BY- Shanthu Shantharam
            Two risks that have haunted modern agriculture for decades are weather and prices. Indian farmers have been one of the worst victims of the vagaries of nature and prices. They badly need protection, but less than 20% of them are covered by crop insurance. Insurance is an instrument that is designed to cover risks that can cause significant losses, however frequently or infrequently they occur. Somehow, the Indian psyche cannot seem to accept paying the insurance premium that would be foregone should no adverse event take place, that it’s a price to pay for cover against potentially catastrophic losses. In other words, it is the cost of doing business. Indians, therefore, forego insurance coverage by assuming that such a catastrophe will not visit them. That is one of the reasons why a huge majority of Indians are not covered for loss of life, motor accidents and health emergencies.
            It is also true that most poor people cannot afford even the lowest premium for insurance. Poor Indian farmers, by and large, fall under this category. Considering that 70% of Indians are dependent on agriculture for their livelihood that is a staggering number of people who rise every day to face risks and uncertainty. This huge number is in itself a boon for an insurance company to devise a low-cost group insurance product to cover the loss of crops due to weather. If necessary, all of a poor farmer’s premium should be paid by the state governments on a pro-rata basis.
            If there is no insurance cover for crops and livestock, the country’s food security will be threatened in the short run. It is sad that many farmers commit suicide, mostly because of indebtedness but also because of crop destruction due to untimely rains and hailstorms, as has happened recently in many parts of Maharashtra, Karnataka and Rajasthan. As Indian agriculture will have to adopt new and expensive technologies to counter climate change, insurance cover becomes even more critical. The cost of insurance will become a part of other input costs that will have to be recovered by guaranteed remunerative prices for the harvest.
            If nothing else, the Narendra Modi government needs to be applauded for trying to introduce a market-based farm income insurance scheme combined with weather-based crop insurance products that will replace the ad hoc grants to cover each and every crop loss on humanitarian grounds. It is hoped that these new insurance products will be attractively priced so that a large number of farmers can afford them. There is a real need for outreach and awareness creation about the critical need for insurance at the village level.

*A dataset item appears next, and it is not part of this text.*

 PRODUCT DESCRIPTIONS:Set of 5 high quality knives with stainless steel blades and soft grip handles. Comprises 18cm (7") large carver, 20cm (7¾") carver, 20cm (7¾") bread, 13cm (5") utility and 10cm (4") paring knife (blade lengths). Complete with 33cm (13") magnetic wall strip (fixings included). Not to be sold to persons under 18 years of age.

            It is becoming really impossible for state governments to offer humanitarian protection, as vagaries of the weather are hitting India at regular intervals. States will have to borrow or ask for grants from the centre, and parties in power engage in politics at the expense of the hapless farmer. The insurance products must guarantee payment on time, and rate increases for premium must be kept to a bare minimum. Real subsistence farmers must be given insurance protection free of cost; relatively well-off farmers and those growing cash crops can afford to pay market rates. If more than 90% of farmers are covered by proper actuarial standards, there is no reason why insurance should be unaffordable.
            The wrath of nature frequently visits Indian farmers, 70% of whom are engaged in rain-fed farming. In the past five decades, there have been repeatedly failed or delayed monsoons followed by drought. According to estimates from the US National Aeronautics and Space Administration based on satellite data, central and northern India suffer more from extreme drought than any other country in the world. It is a miracle that Indian farmers in these drought-prone regions are still engaged in farming. No government, either at the centre or in the states, has been able to control market prices in six decades. There is a lesson in this for the government that intervention to alter market forces will be a futile exercise and will never solve pricing problems. Agriculture needs to be treated as a business that has to be managed professionally. Instead, it is treated as a social-welfare programme.

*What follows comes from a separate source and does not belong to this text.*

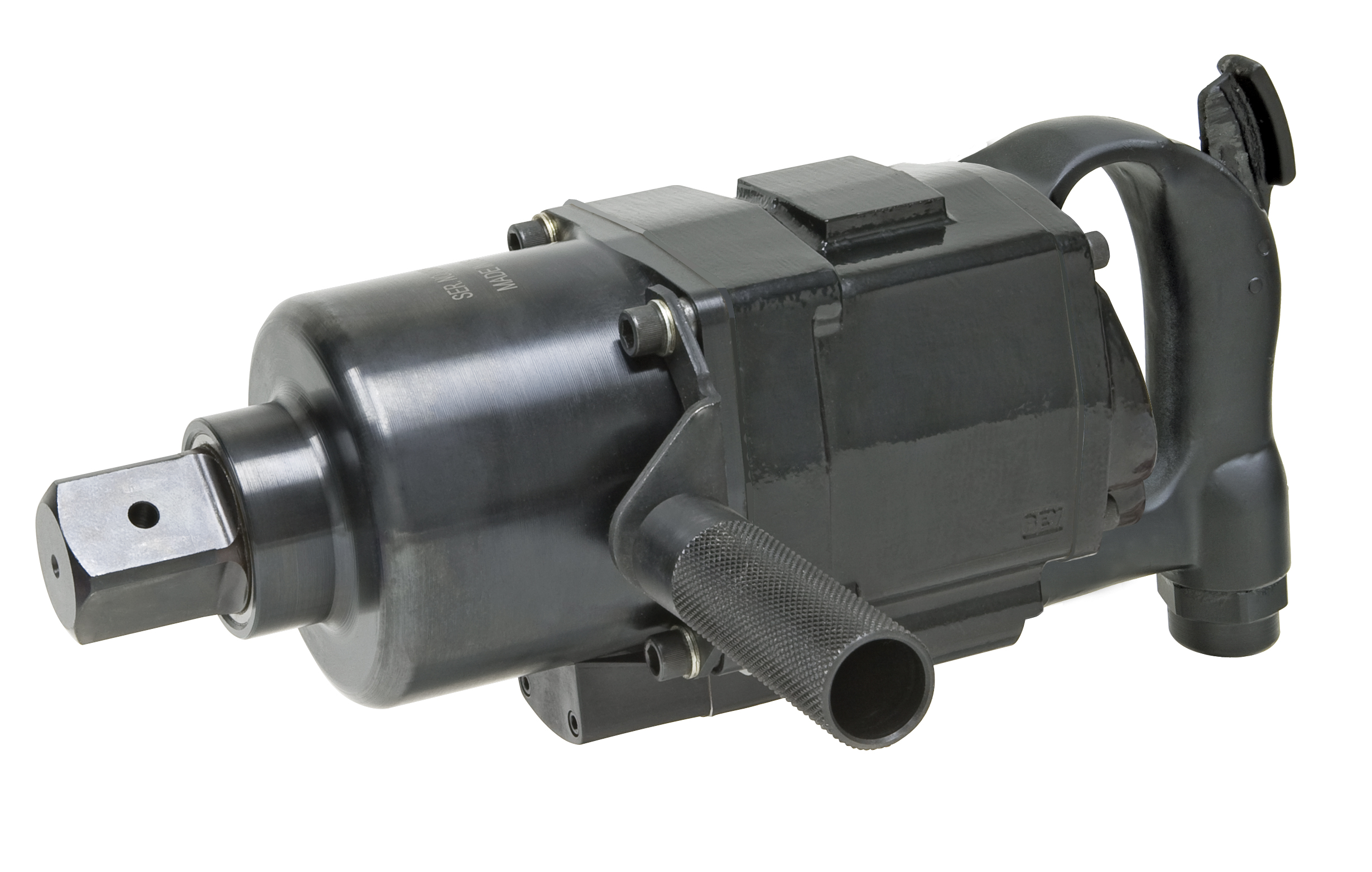 1-1/2" Square Drive Straight Outside Trigger Heavy-Duty Impact Wrench. Features a twin hammer clutch for more power per pound, a pressure fed clutch lubrication system, two piece motor housing for easy maintenance, a built-in muffler for low noise and direct drive for fast run down.

            In the post-modern era, a government that can courageously tackle these farmer-centric issues is the one that can cling to power. If the country can use trillions of rupees to prop up the rural jobs guarantee scheme, why is it so difficult to provide both crop insurance and a universal health insurance to its citizens? It may not be easy, but surely it is worth a try.

(Shanthu Shantharam teaches plant biotechnology and biotechnology innovation management at Iowa State University and was formerly executive director of the agricultural group of India’s Association of Biotechnology Led Enterprises. He was also formerly biotech regulator with the US department of agriculture.)